- **TASK BRIEF**
Starting at the line below holding "BLACK FOREST BLESSINGは、力強さとやわらかさが共存するウッディの香り。" and stopping at the line holding "Offered for sale", print every line exactly, both ends included, and leave the rest out.

- **DATA RECORDS**
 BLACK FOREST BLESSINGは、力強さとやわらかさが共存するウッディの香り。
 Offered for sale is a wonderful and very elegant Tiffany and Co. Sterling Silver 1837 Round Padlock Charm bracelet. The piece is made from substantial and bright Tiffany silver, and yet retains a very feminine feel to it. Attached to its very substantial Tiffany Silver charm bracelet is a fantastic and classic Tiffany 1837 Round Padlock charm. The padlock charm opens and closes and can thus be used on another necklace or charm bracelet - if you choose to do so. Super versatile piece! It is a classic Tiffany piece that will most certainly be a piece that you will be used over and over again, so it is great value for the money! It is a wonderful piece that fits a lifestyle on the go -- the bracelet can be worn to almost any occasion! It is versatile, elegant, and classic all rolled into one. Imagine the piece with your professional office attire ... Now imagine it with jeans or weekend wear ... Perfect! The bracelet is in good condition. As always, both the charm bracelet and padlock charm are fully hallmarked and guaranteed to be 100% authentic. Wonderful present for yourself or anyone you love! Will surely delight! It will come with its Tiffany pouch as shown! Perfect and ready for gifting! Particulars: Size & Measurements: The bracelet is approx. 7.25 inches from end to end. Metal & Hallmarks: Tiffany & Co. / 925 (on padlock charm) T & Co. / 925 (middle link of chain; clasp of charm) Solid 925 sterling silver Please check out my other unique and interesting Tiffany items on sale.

* * *

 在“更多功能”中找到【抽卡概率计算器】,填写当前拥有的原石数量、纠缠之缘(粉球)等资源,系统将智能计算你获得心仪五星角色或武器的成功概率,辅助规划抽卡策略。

---

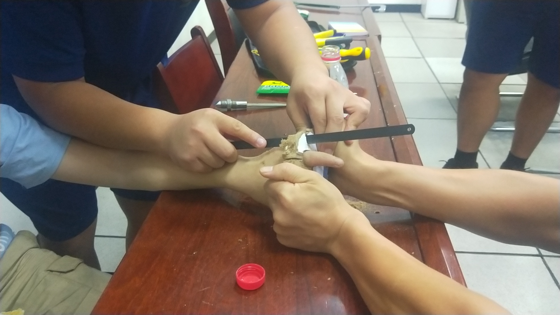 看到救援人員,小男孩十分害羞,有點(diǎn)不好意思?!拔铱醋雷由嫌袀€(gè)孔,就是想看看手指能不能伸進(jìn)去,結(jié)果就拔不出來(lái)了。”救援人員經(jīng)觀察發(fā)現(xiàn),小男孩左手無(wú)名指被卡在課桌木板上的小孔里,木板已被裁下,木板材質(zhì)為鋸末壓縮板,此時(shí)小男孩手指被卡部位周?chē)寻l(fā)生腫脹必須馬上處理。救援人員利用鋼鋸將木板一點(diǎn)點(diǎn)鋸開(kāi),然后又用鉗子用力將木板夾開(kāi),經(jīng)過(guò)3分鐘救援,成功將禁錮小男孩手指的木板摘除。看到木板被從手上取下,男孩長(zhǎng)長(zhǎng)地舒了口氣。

- **ANSWER TO THIS EXERCISE**
 BLACK FOREST BLESSINGは、力強さとやわらかさが共存するウッディの香り。
 Offered for sale is a wonderful and very elegant Tiffany and Co. Sterling Silver 1837 Round Padlock Charm bracelet. The piece is made from substantial and bright Tiffany silver, and yet retains a very feminine feel to it. Attached to its very substantial Tiffany Silver charm bracelet is a fantastic and classic Tiffany 1837 Round Padlock charm. The padlock charm opens and closes and can thus be used on another necklace or charm bracelet - if you choose to do so. Super versatile piece! It is a classic Tiffany piece that will most certainly be a piece that you will be used over and over again, so it is great value for the money! It is a wonderful piece that fits a lifestyle on the go -- the bracelet can be worn to almost any occasion! It is versatile, elegant, and classic all rolled into one. Imagine the piece with your professional office attire ... Now imagine it with jeans or weekend wear ... Perfect! The bracelet is in good condition. As always, both the charm bracelet and padlock charm are fully hallmarked and guaranteed to be 100% authentic. Wonderful present for yourself or anyone you love! Will surely delight! It will come with its Tiffany pouch as shown! Perfect and ready for gifting! Particulars: Size & Measurements: The bracelet is approx. 7.25 inches from end to end. Metal & Hallmarks: Tiffany & Co. / 925 (on padlock charm) T & Co. / 925 (middle link of chain; clasp of charm) Solid 925 sterling silver Please check out my other unique and interesting Tiffany items on sale.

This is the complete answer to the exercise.